Spanish life is not always likeable but it is compellingly loveable.
Christopher Howse: A Pilgrim in Spain
Spain- The Spanish political scene has changed out of all recognition in the last 5 years or so. And here's the evidence of this. Note that 3 of the 5 parties shown didn't exist 10 years ago, or even 5:-
- As some readers will have figured out, if an election were held today, the 3 right-of-centre parties - PP, Ciudadanos and ('far right') Vox - would outnumber the 2 left-of-centre parties, PSOE and Podemos. Hence the 'instability' that everyone is currently talking about. And the probability of a right wing coalition after the imminent general election.
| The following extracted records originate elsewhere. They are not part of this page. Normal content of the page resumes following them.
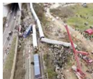
● GIANNIS PAPANIKOS/AP

At least 36 people were killed and 66 injured when two trains collided head-on near the Greek city of Larissa, authorities said, as emergency services raced Wednesday to find survivors among the charred wreckage. Several carriages were almost completely destroyed in the collision between a passenger train and a freight train just before midnight on Tuesday, with at least one car appearing to catch fire and trap passengers inside, AFP reported. Health Minister Thanos Plevris said most passengers were "young people", with the train carrying many students returning to Thessaloniki after a long holiday weekend. Iranian Foreign Ministry Spokesman Nasser Kanaani expressed condolences to the Greek government and people over Tuesday's deadly collision that claimed dozens of lives.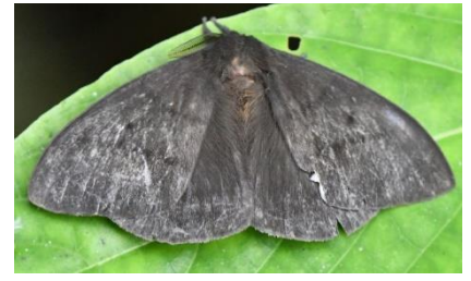
( Periphoba arcei )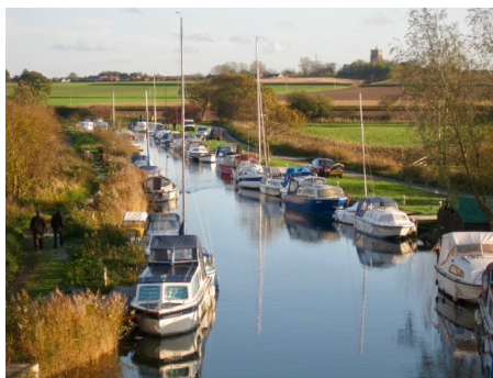
Martham Boat Dyke Trust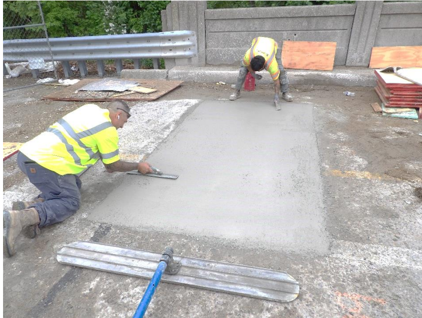
Workers prepped and poured all remaining concrete deck and curb patches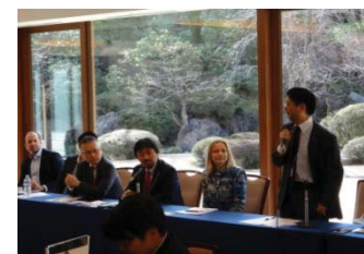
The Internet in Asia: Looking Ahead to 2025

The University has established a discretionary fund for the President to use swiftly and flexibly in order to inject funding and accelerate reform. This fund has made it possible for the University to prioritize and selectively consolidate resources on exceptional projects in need of funding. This fund helped bring together leaders from the business, academia, and government from throughout the Asia-Pacific region for candid discussions concerning key issues for the future of the Internet at the Association of Pacific Rim Universities' (APRU) Internet Business Offsite: "The Internet in the Asia-Pacific – Looking Ahead to 2025," which was held from March 10-11, 2015, at Keio University.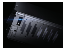
Advanced media set-up with automatic self adjustment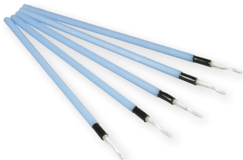
Type 1.25 mm

See the article below.
- Meanwhile . . . Four takeaways on Spain's snap election.
- A very telling comment from a member of the Franco family: When you attack Franco, you attack my family, over half of Spain, the monarchy and the Church which protected him. History will condemn those who profane this grandiose temple. I think not, Señor. Come into the 21st century.
- Spain's fabulous frescos.
- And more of her beautiful villages.
- More on our geriatric vandal.
- In Emily O’Reilly’s 6 years as the EU’s independent watchdog, she has never encountered a response like the Commission’s refusal to accept her damning report on the promotion of Martin Selmayr. Her report sharply criticised how Selmayr — Jean-Claude Juncker’s former chief of staff — was appointed secretary-general of the European Commission in an ambush that stunned EU commissioners and MEPs alike last year. Her draft report last year was dismissed out of hand, with rebuttals that ranged from legalistic to petty. Her final report, released last week, confirmed 4 findings of maladministration against the commission, which rejected even her mildest recommendations. The controversy over his promotion has done little to halt Selmayr’s power grab.
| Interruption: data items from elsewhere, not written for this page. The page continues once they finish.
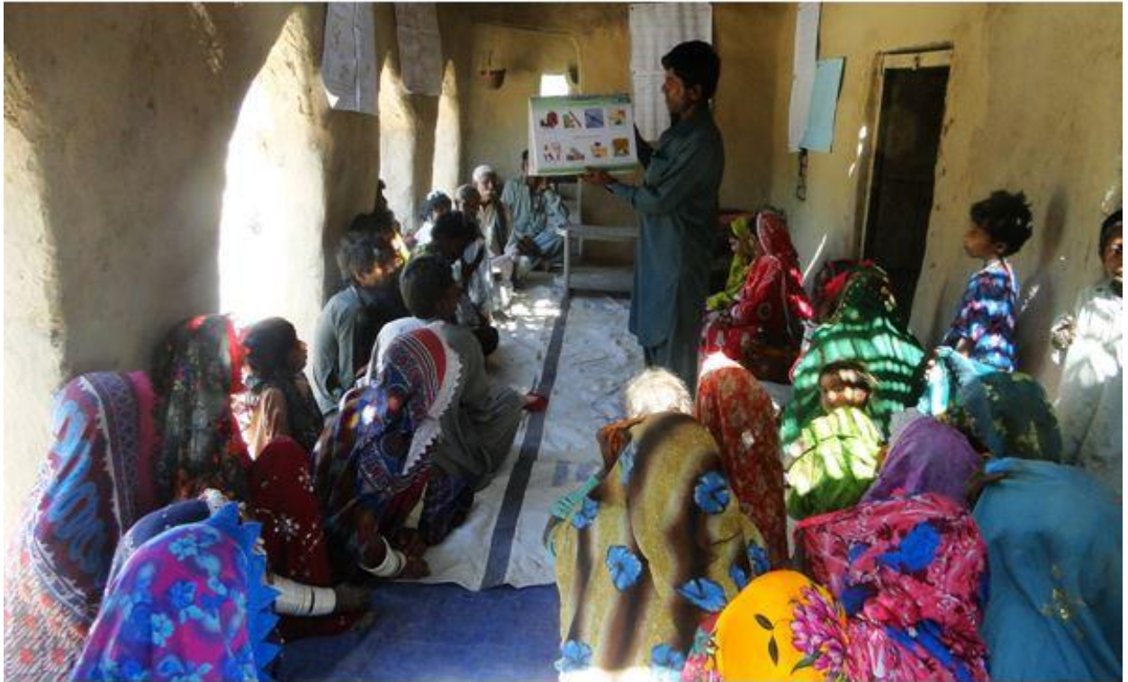
A CRP conducting an awareness session at VDMC Serki from UDMC Bustaan Tehsil Kunri District Umerkot.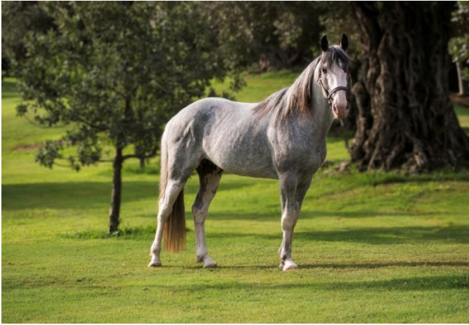
Thunder of Smokey IHWHA 2009-HC-275-FH (Sun's Smokey Midnight x Society's Miss Dolly)

Thunder came to Israel from Tennessee in 2017. He is very good to ride and trail rides well with other horses.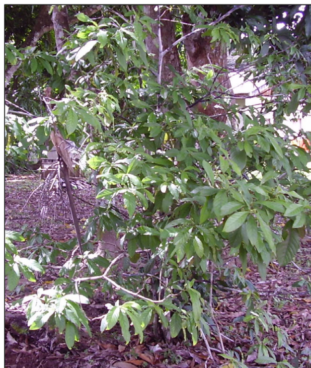
Figure 3. Psychotria viridis .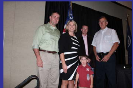
Dante Rescue Squad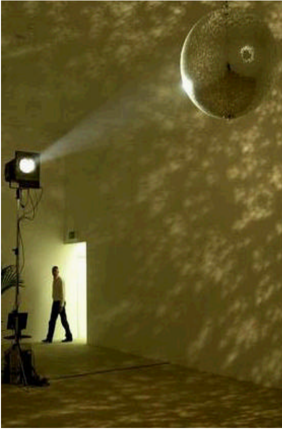
Cerith Wyn Evans, The Accursed Share , 2002.

What does reflect the discursive processes leading up to the exhibition is the unmistakable political and theoretical thrust of the works on view, overwhelmingly dedicated to matters associated with the (primarily negative, and worsening) effects of post-colonialism and globalization. Take for example Cildo Miereles's elegant Disappearing Element/Disappeared Element (Immanent Past), 2002. During the exhibition, strolling vendors sold popsicles for a Euro apiece, each on a stick bearing the work's title. The popsicles, made of water, are of course flavorless and colorless, and quickly melt (disappear) if not consumed, calling attention to political-ecological issues (disparities in world access to plentiful and safe water); world trade issues (water as a vehicle as well as a producer of power); and art-politics issues (the ice melts, thus defying notions of possession and display of artworks).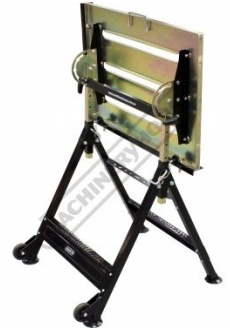
Table Angled at 90 Degree Right Side

- Anyone really surprised at this report?
- Or at this? The International Olympic Committee, the Rugby Football Union and British Cycling are among sports organisations reviewing their policies amid concern that men who transition to women have an unfair advantage.
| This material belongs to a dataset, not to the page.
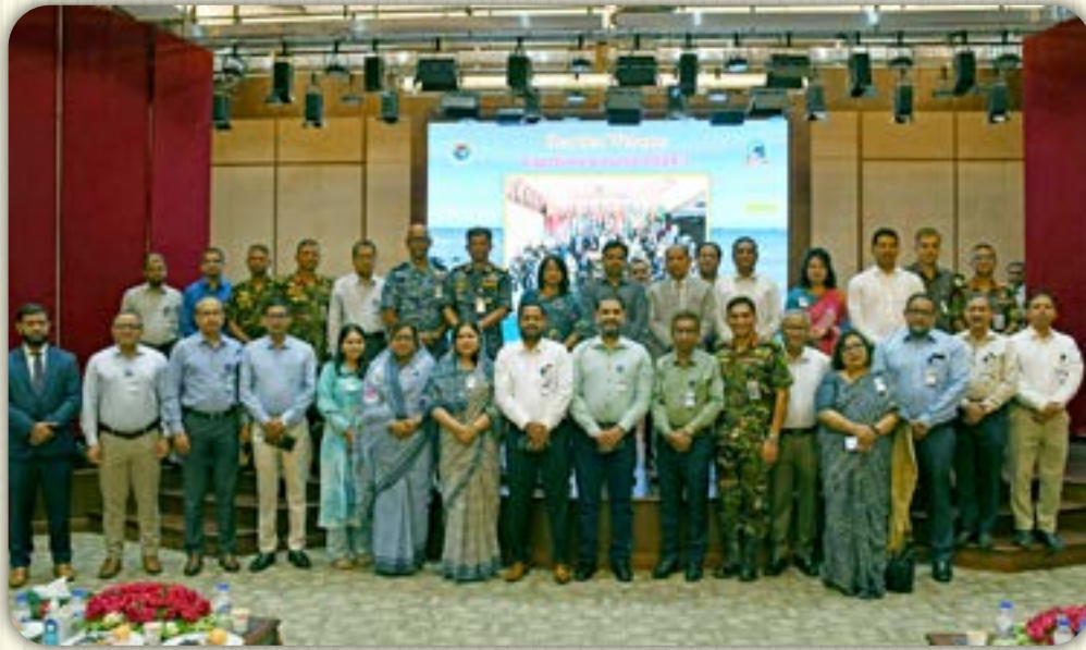
Cox's Bazar Development Authority 25 April 2024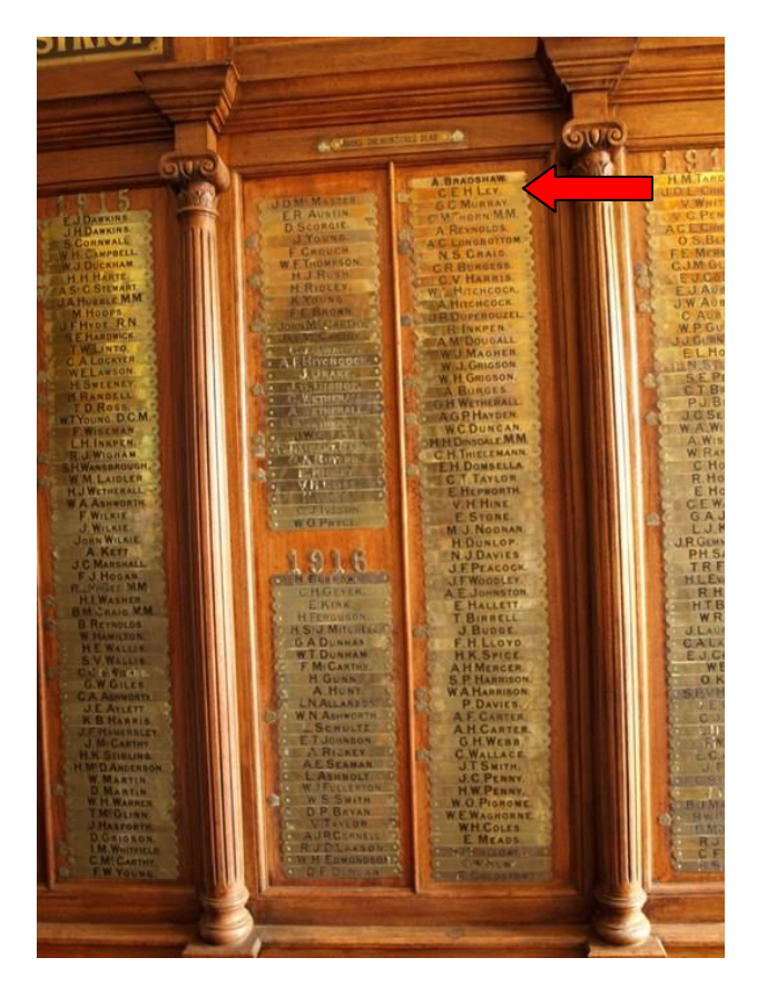
York War Memorial Honour Board

- I'd heard of this technology but this report of 'deepfake' developments is truly worrying. How to stop it?
The USA
Languages- That wall . . . Trump has to build his wall; it's the great totem in America's war of identity. . . This is the fundamental problem - America's existential crisis has been attached to a totem. Whether the wall is built or not spells generational victory to one side, total defeat to the other. And you thought Brexit was bad enough . . .
- My Anglo-German friend in Hamburg has sent me this list of words which are said to be non-existent in other languages. The penultimate example will be familiar to many readers, but not the last, I suspect:-
- Kalsarikännit (Finnish): Getting drunk alone at home in underwear, with no intention of going out.
- Pana Po'o (Hawaiian): Scratching your head while trying to remember something..
- Tartle (English): The hesitation when you want to introduce someone and forgot their name.
- Age-Otori (Japanese): Looking worse after a hairdresser visit than before.
- Mencolek (Indonesian): Tapping someone on the wrong shoulder from behind to annoy them.
- Ølfrygt (Danish): The fear that the beer is running out and you can't get any more.
- Pochemuchka (Russian): A person who asks too many questions.
- Peliniti (Buli, African language): The face of a person who's accidentall put very hot food in his/her mouth.
- Iktsuarpok (Inuit dialect): Restlessly waiting for a visit and going to the door to see if they've arrived.
- Sobremesa (Spanish): After a meal, staying at the table and relaxing.
- Cotisuelto (Spanish): A man who declines to put his shirt in his trousers. Allegedly.
Political turmoil and an unravelling budget: Why Spain is Europe's next powder keg: Anna Isaac, economics correspondent, The Telegraph.
A horse approaches. Chords reminiscent of one of the most famous soundtracks in film history, Lord of the Rings, rise. Riding into shot comes not an elf, hobbit or wizard, but the head of the resurgent far-Right in Spain, one Santiago Abascal, astride a mildly depressed-looking beast of burden.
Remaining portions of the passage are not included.